*** Material shown Section Begins ***

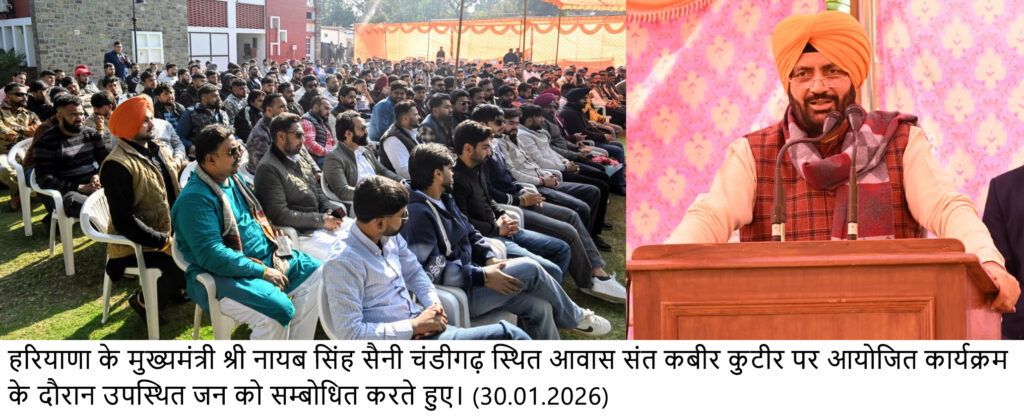 चंडीगढ़, 30 जनवरी — हरियाणा के मुख्यमंत्री श्री नायब सिंह सैनी ने शुक्रवार को उनके आवास संत कबीर कुटीर पर आए पंजाब के युवाओं से संवाद करते हुए शासन, नीति और रोजगार से जुड़े अवसरों पर सार्थक चर्चा की। उन्होंने सुशासन और मेरिट आधारित मॉडल को विकास का आधार बताते हुए पारदर्शी रोजगार नीति पर जोर दिया, ताकि योग्य युवाओं को निष्पक्ष अवसर मिल सकें। मुख्यमंत्री ने कौशल विकास को भविष्य की जरूरत बताते हुए कहा कि प्रशिक्षण, नवाचार और उद्यमिता को बढ़ावा देकर युवा शक्ति को आत्मनिर्भर बनाया जा सकता है।
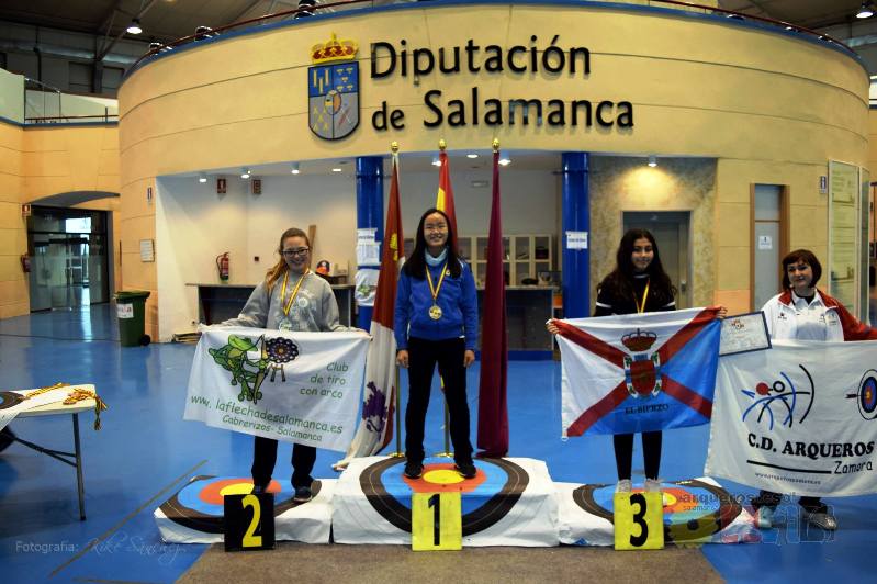 En recurvo alevín mujer, Carla Várez Borja finalizó 7ª con 471 puntos. Y en recurvo ardilla mujer, la sonriente Nayra Arjona García consiguió el Oro con 167 puntos tras una emocionante lucha.
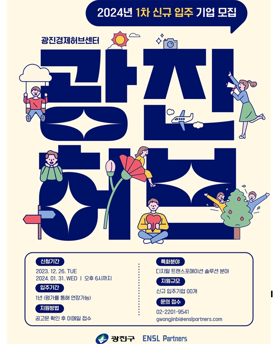 모집 공고 및 신청 양식을 엔슬파트너스 홈페이지에서 확인해 이메일로 접수하면 된다. 광진경제허브센터 기업지원실로도 문의할 수 있다.
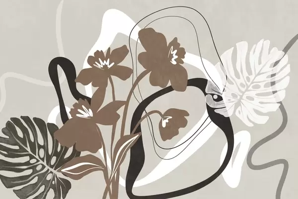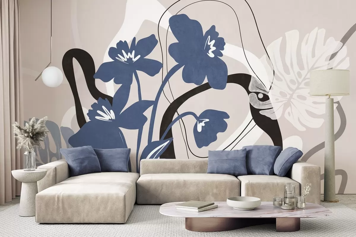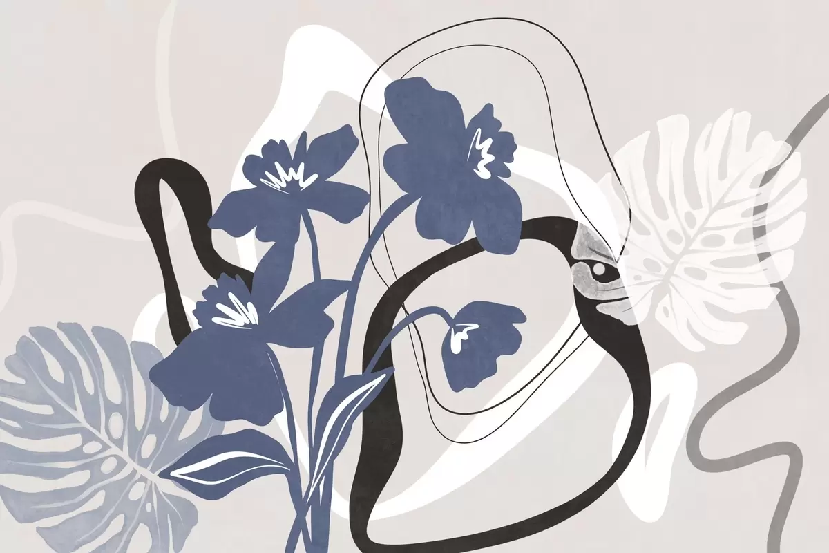 Fotomurales Flores azules abstractas con textura y formas blancas y negras sobre un fondo beige claro, arte minimalista. Nr. w09645
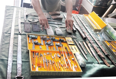 后来,得到了妻子的支持和理解,王其龙对军事物品的收藏便一发而不可收拾。收藏让他认识了更多的朋友,了解了更多的军事知识,知道了更多的战争意义,收藏范围也更广了。纪录片《复活的兵团》一下子让他对历史冷兵器研究有了兴趣,查阅史志,向同行学习,他发现枣庄的军事文化底蕴丰厚,从高古兵器到抗战军事指挥刀等,在收获了军事物品的同时,王其龙对许多战争故事里的英雄人物也很崇敬。
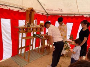 地鎮祭(じちんさい)とは、建築工事を行う際、工事が無事に終わるように神主を招いて安全祈願する儀式のことです。 その土地を守る氏神様に土地を利用させてもらう許可を得て、工事の安全を祈願するという意味で実施します。
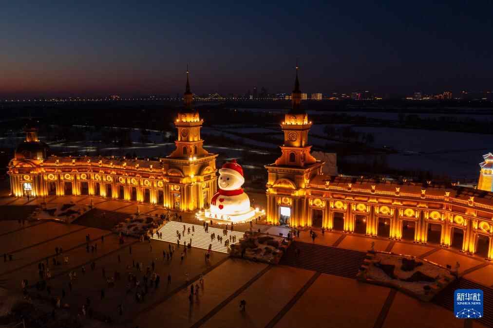 游客在哈尔滨群力音乐公园音乐长廊游玩(2025年1月3日摄,无人机照片)。
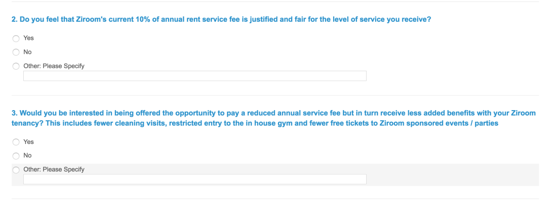 It’s important to consider the price point at which Ziroom Lite is set as Millennials are known to be a money conscious generation (Forbes.com, 2015). To do this, an email survey will be sent out to all current Ziroom tenants containing the questions shown below as well as one regarding what price they believe to be fair for a reduced service fee. This will be a way to gauge the levels of interest as well as have the best chances of it working due to getting the figure from direct customer feedback. 70% of the companies rated best for customer experience regularly use customer feedback to make improvements to their services (Afshar, 2015), thus showing the importance of listening to your customer base.
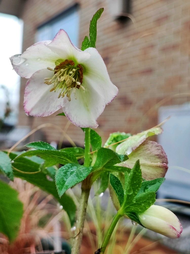昨日ホームセンターへバラの挿し木苗用のロングポットとかセントポーリアのミニカップとか買いに行った時に、クリスマスローズが全品半額処分になっていまして…どれも非常に状態がよく、大型で根っこもポットがボコボコになるくらいで…花の色で悩みましたがピコティを1株購入。かすりっぽいピコティ&クリアな白が色っぽくて気に入りました♪さっそくポットをハサミで切って、鉢増ししておきました。これからよろしくね。
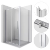 Czarna rama wykonana z wysokiej jakości aluminium podkreśla nowoczesny charakter kabiny. System przesuwnych drzwi z ergonomicznym uchwytem zapewnia wygodny dostęp. Precyzyjny zakres regulacji 98,5-99,5x88,5-89,5 cm oraz wysokość 190 cm tworzą funkcjonalną przestrzeń. Uniwersalny montaż narożny z możliwością instalacji na brodziku lub bezpośrednio na płytkach, w połączeniu z systemem niwelacji nierówności ściany, gwarantuje stabilność i wszechstronność zastosowania.
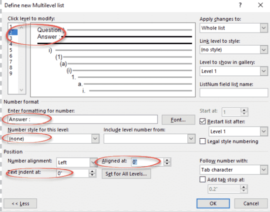 Answer could be a separate multilevel list style but it’s probably easier to make it the second level of the same list style. If you wish, change the Aligned and Text indent so it’s aligned with Question, instead of the default indenting.
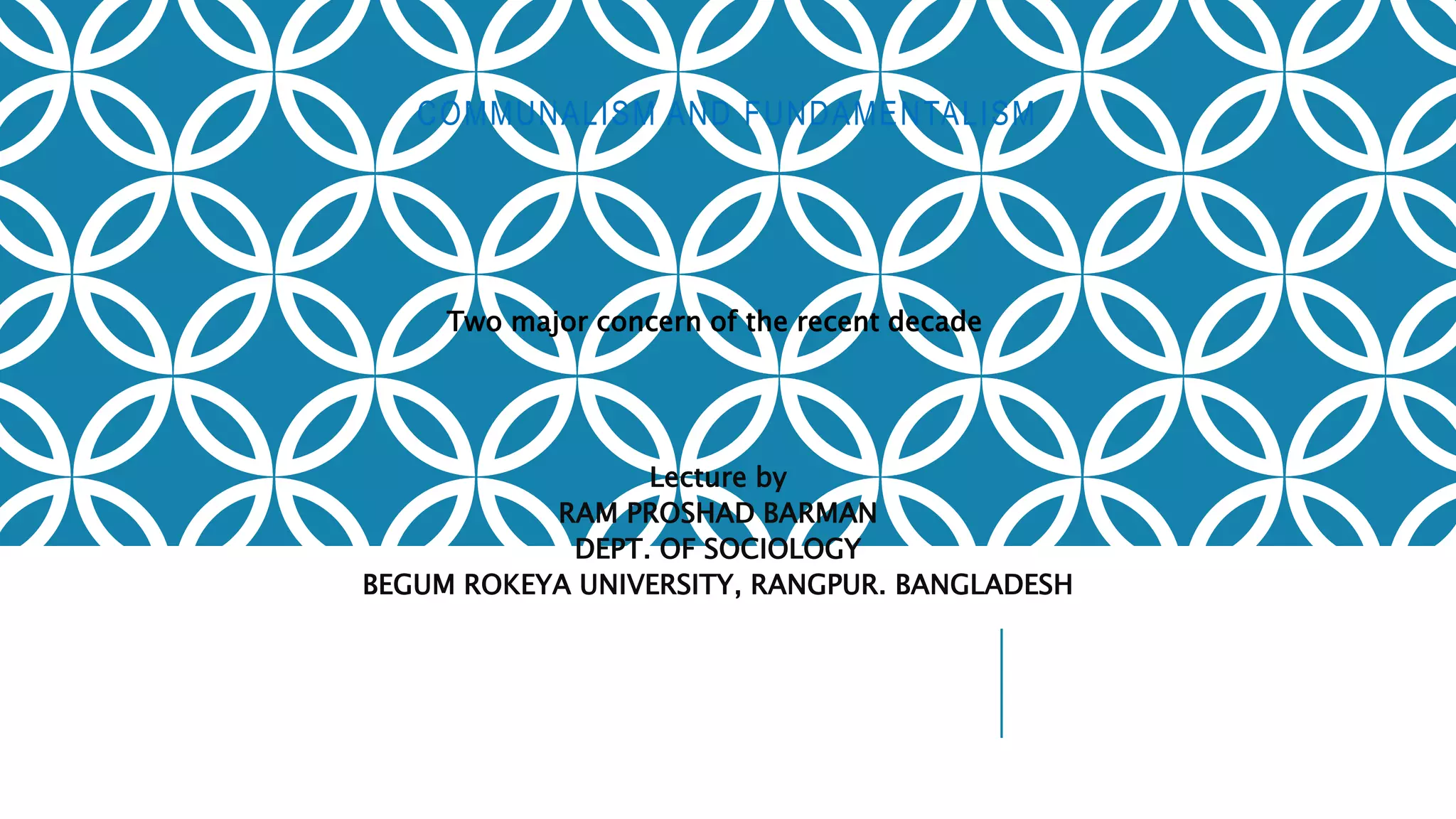 This document discusses communalism and fundamentalism. It defines fundamentalism as embracing a central religious text as infallible and taking religious tenets so seriously that evidence cannot dissuade one's views. Fundamentalism often arises from fear of change, modernization, and loss of influence. The document outlines different types of fundamentalism like Islamic, Christian, and Hindu fundamentalism and their effects like spreading terrorism and violence. Common traits of fundamentalist groups are basing beliefs strictly on revealed texts, rejecting other beliefs, and fearing education, media, and an uncertain future.

*** Material shown Section Ends ***

## [What the task asks]
Take the lines from the start of the listing above through the line with "It’s important to", both ends included, and copy them exactly, leaving the pictures behind.

## [Task result]
 चंडीगढ़, 30 जनवरी — हरियाणा के मुख्यमंत्री श्री नायब सिंह सैनी ने शुक्रवार को उनके आवास संत कबीर कुटीर पर आए पंजाब के युवाओं से संवाद करते हुए शासन, नीति और रोजगार से जुड़े अवसरों पर सार्थक चर्चा की। उन्होंने सुशासन और मेरिट आधारित मॉडल को विकास का आधार बताते हुए पारदर्शी रोजगार नीति पर जोर दिया, ताकि योग्य युवाओं को निष्पक्ष अवसर मिल सकें। मुख्यमंत्री ने कौशल विकास को भविष्य की जरूरत बताते हुए कहा कि प्रशिक्षण, नवाचार और उद्यमिता को बढ़ावा देकर युवा शक्ति को आत्मनिर्भर बनाया जा सकता है।
 En recurvo alevín mujer, Carla Várez Borja finalizó 7ª con 471 puntos. Y en recurvo ardilla mujer, la sonriente Nayra Arjona García consiguió el Oro con 167 puntos tras una emocionante lucha.
 모집 공고 및 신청 양식을 엔슬파트너스 홈페이지에서 확인해 이메일로 접수하면 된다. 광진경제허브센터 기업지원실로도 문의할 수 있다.
 Fotomurales Flores azules abstractas con textura y formas blancas y negras sobre un fondo beige claro, arte minimalista. Nr. w09645
 后来,得到了妻子的支持和理解,王其龙对军事物品的收藏便一发而不可收拾。收藏让他认识了更多的朋友,了解了更多的军事知识,知道了更多的战争意义,收藏范围也更广了。纪录片《复活的兵团》一下子让他对历史冷兵器研究有了兴趣,查阅史志,向同行学习,他发现枣庄的军事文化底蕴丰厚,从高古兵器到抗战军事指挥刀等,在收获了军事物品的同时,王其龙对许多战争故事里的英雄人物也很崇敬。
 地鎮祭(じちんさい)とは、建築工事を行う際、工事が無事に終わるように神主を招いて安全祈願する儀式のことです。 その土地を守る氏神様に土地を利用させてもらう許可を得て、工事の安全を祈願するという意味で実施します。
 游客在哈尔滨群力音乐公园音乐长廊游玩(2025年1月3日摄,无人机照片)。
 It’s important to consider the price point at which Ziroom Lite is set as Millennials are known to be a money conscious generation (Forbes.com, 2015). To do this, an email survey will be sent out to all current Ziroom tenants containing the questions shown below as well as one regarding what price they believe to be fair for a reduced service fee. This will be a way to gauge the levels of interest as well as have the best chances of it working due to getting the figure from direct customer feedback. 70% of the companies rated best for customer experience regularly use customer feedback to make improvements to their services (Afshar, 2015), thus showing the importance of listening to your customer base.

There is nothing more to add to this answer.